§ DATA SHOWN:
-------

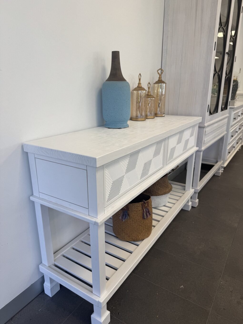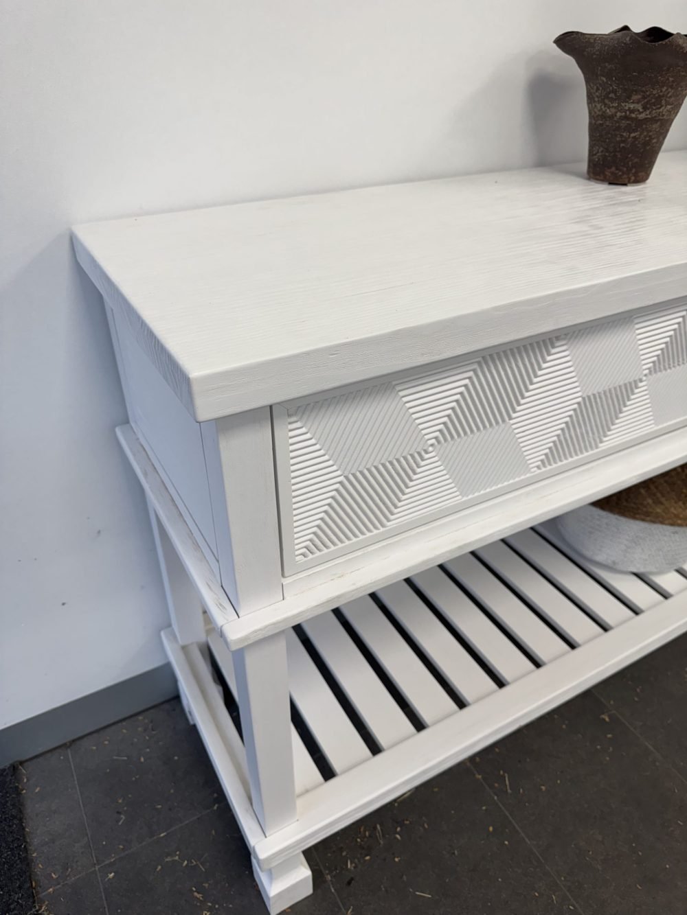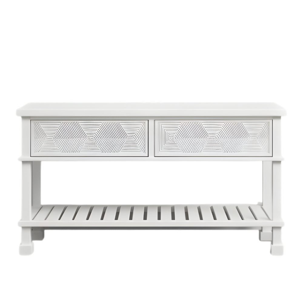 Rustic White Console Table with Geometric Drawer Design, Brushed & Distressed Finish, and Push-to-Open Drawers. Dimension is 143L*42W*87H CM
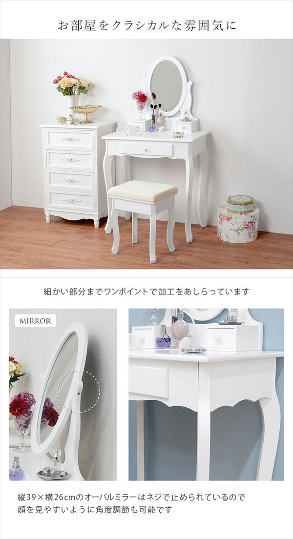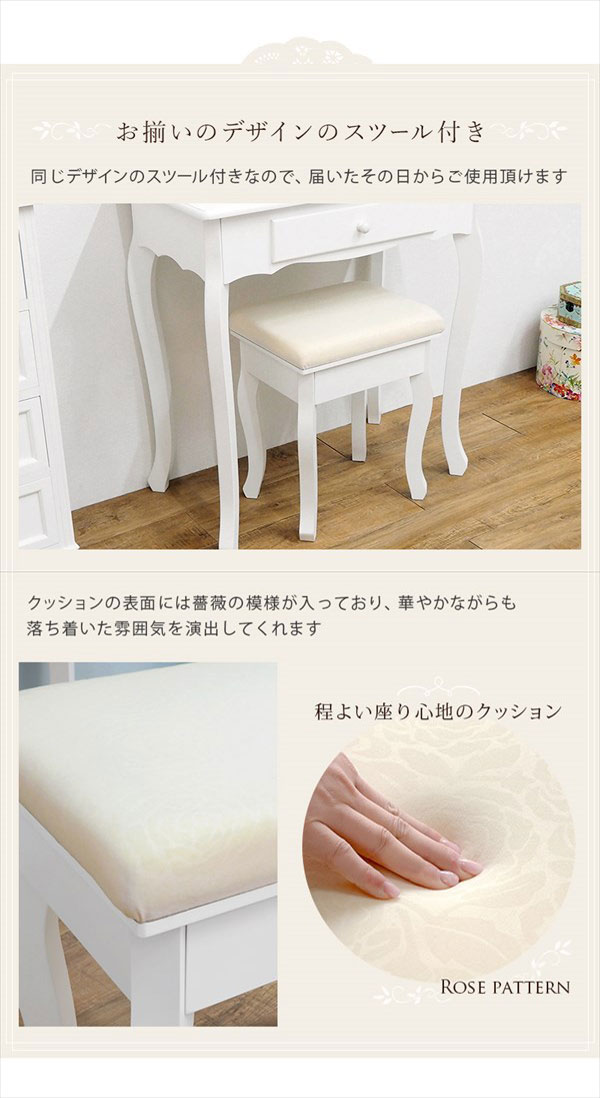 おしゃれな猫脚ドレッサー 化粧台 ドレッサー 【送料無料】 スツール付き 椅子付き 収納 姫系 ホワイト 白 デスク 安い おしゃれ 鏡付き 引き出し付き
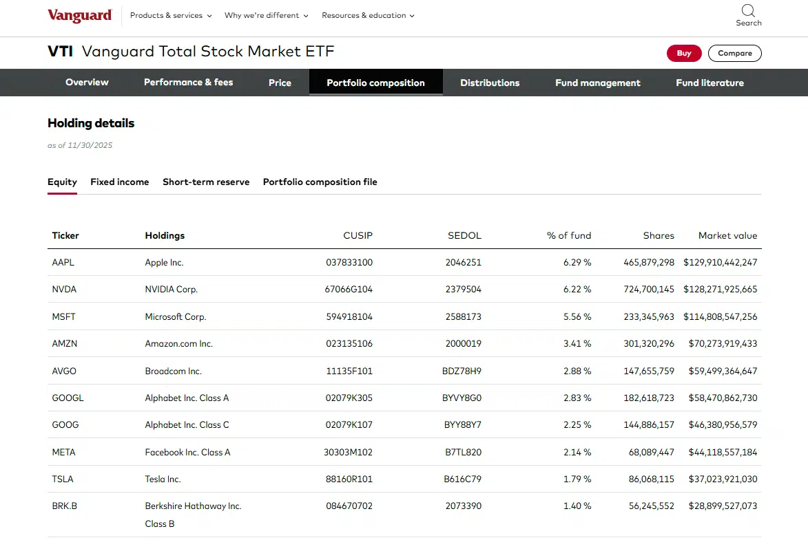 As one of Vanguard’s flagship funds, VTI has gained popularity and has become one of the largest and most widely held ETFs. Investors are drawn to VTI due to its broad-based approach to market coverage and its ability to provide exposure to the entire U.S. stock market. Keep in mind that approximately 82% of this index overlaps with VOO.
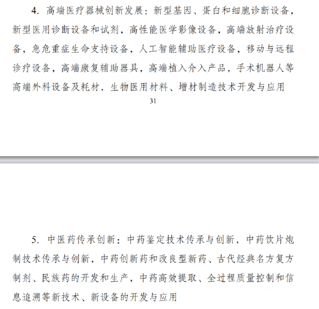 4.高端醫(yī)療器械創(chuàng)新發(fā)展:新型基因、蛋白和細胞診斷設(shè)備,新型醫(yī)用診斷設(shè)備和試劑,高性能醫(yī)學影像設(shè)備,高端放射治療設(shè)備,急危重癥生命支持設(shè)備,人工智能輔助醫(yī)療設(shè)備,移動與遠程診療設(shè)備,高端康復輔助器具,高端植入介入產(chǎn)品,手術(shù)機器人等高端外科設(shè)備及耗材,生物醫(yī)用材料、增材制造技術(shù)開發(fā)與應(yīng)用

-------

§ TASK DIRECTIONS:
Pictures are not part of the copy; retype all the other material exactly.

§ ANSWER TO THIS PROBLEM:
 Rustic White Console Table with Geometric Drawer Design, Brushed & Distressed Finish, and Push-to-Open Drawers. Dimension is 143L*42W*87H CM
 おしゃれな猫脚ドレッサー 化粧台 ドレッサー 【送料無料】 スツール付き 椅子付き 収納 姫系 ホワイト 白 デスク 安い おしゃれ 鏡付き 引き出し付き
 As one of Vanguard’s flagship funds, VTI has gained popularity and has become one of the largest and most widely held ETFs. Investors are drawn to VTI due to its broad-based approach to market coverage and its ability to provide exposure to the entire U.S. stock market. Keep in mind that approximately 82% of this index overlaps with VOO.
 4.高端醫(yī)療器械創(chuàng)新發(fā)展:新型基因、蛋白和細胞診斷設(shè)備,新型醫(yī)用診斷設(shè)備和試劑,高性能醫(yī)學影像設(shè)備,高端放射治療設(shè)備,急危重癥生命支持設(shè)備,人工智能輔助醫(yī)療設(shè)備,移動與遠程診療設(shè)備,高端康復輔助器具,高端植入介入產(chǎn)品,手術(shù)機器人等高端外科設(shè)備及耗材,生物醫(yī)用材料、增材制造技術(shù)開發(fā)與應(yīng)用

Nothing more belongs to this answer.